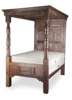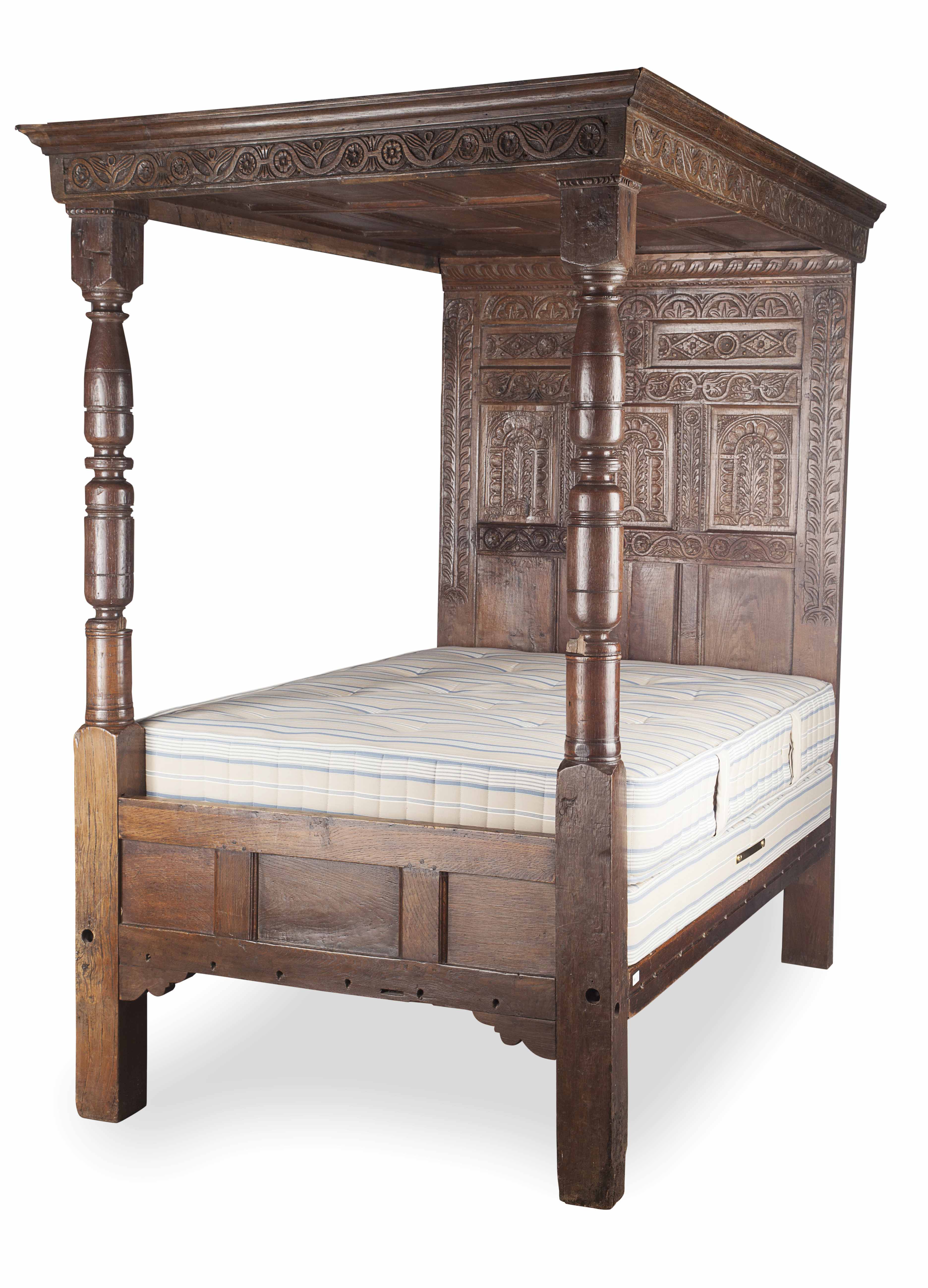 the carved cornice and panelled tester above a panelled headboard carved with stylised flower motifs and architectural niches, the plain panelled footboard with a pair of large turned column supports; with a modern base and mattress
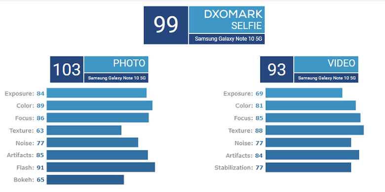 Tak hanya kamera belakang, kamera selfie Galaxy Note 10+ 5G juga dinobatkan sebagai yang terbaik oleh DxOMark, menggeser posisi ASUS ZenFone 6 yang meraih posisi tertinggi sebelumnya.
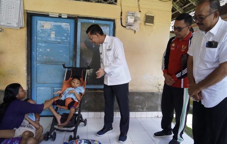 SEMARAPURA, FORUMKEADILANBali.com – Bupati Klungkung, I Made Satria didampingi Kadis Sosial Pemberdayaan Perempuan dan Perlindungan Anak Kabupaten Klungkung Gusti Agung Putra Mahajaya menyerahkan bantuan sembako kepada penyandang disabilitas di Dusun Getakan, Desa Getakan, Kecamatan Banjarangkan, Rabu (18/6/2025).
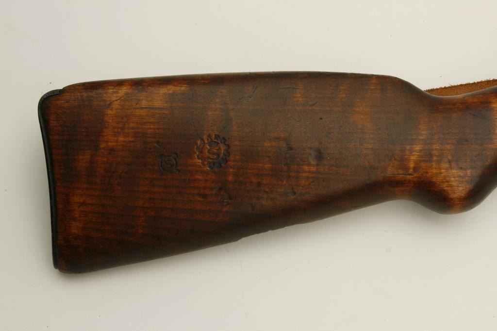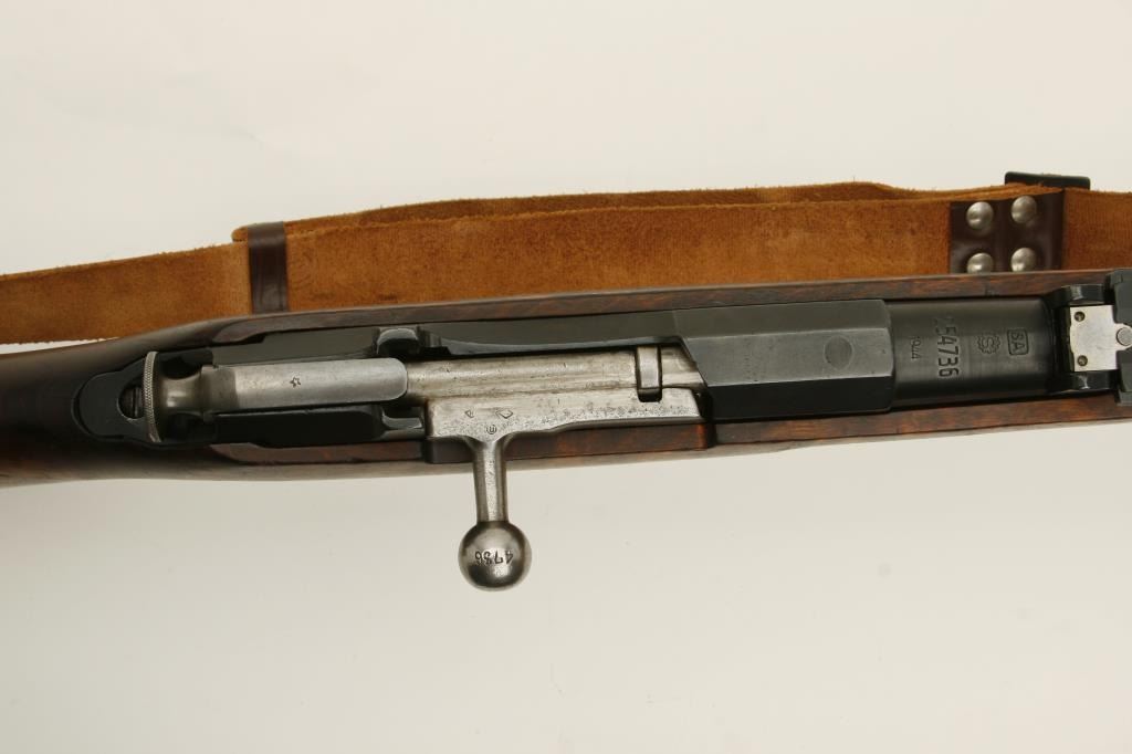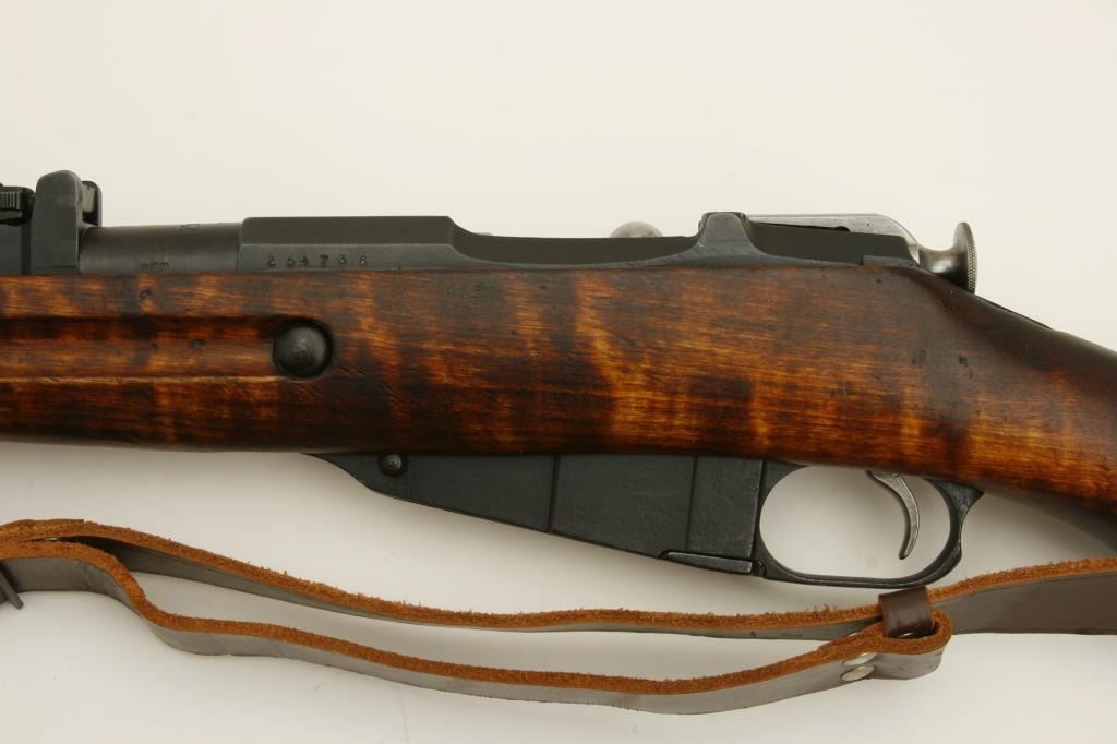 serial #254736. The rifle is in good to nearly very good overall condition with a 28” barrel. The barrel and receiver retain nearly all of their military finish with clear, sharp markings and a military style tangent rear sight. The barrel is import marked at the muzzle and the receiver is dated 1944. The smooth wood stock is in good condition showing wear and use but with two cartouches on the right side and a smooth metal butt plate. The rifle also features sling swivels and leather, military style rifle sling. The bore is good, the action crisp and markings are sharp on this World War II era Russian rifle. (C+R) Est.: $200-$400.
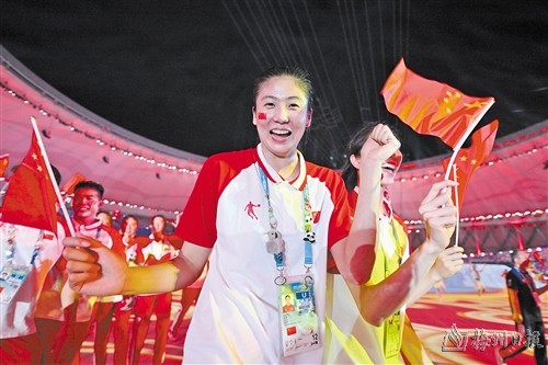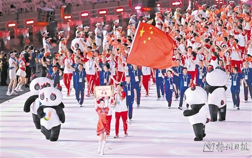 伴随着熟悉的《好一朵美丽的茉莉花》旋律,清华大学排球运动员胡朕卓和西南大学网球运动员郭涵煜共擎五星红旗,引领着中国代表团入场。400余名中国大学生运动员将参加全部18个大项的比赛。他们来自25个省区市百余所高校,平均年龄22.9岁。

● ● ● ● ●

## YOUR INSTRUCTIONS
Pictures are to be left out; the answer must otherwise be exactly the lines from the one with "SEMARAPURA, FORUMKEADILANBali.com –" through the final line of the entries above, both included.

## OUTPUT FOR THIS EXERCISE
 SEMARAPURA, FORUMKEADILANBali.com – Bupati Klungkung, I Made Satria didampingi Kadis Sosial Pemberdayaan Perempuan dan Perlindungan Anak Kabupaten Klungkung Gusti Agung Putra Mahajaya menyerahkan bantuan sembako kepada penyandang disabilitas di Dusun Getakan, Desa Getakan, Kecamatan Banjarangkan, Rabu (18/6/2025).
 serial #254736. The rifle is in good to nearly very good overall condition with a 28” barrel. The barrel and receiver retain nearly all of their military finish with clear, sharp markings and a military style tangent rear sight. The barrel is import marked at the muzzle and the receiver is dated 1944. The smooth wood stock is in good condition showing wear and use but with two cartouches on the right side and a smooth metal butt plate. The rifle also features sling swivels and leather, military style rifle sling. The bore is good, the action crisp and markings are sharp on this World War II era Russian rifle. (C+R) Est.: $200-$400.
 伴随着熟悉的《好一朵美丽的茉莉花》旋律,清华大学排球运动员胡朕卓和西南大学网球运动员郭涵煜共擎五星红旗,引领着中国代表团入场。400余名中国大学生运动员将参加全部18个大项的比赛。他们来自25个省区市百余所高校,平均年龄22.9岁。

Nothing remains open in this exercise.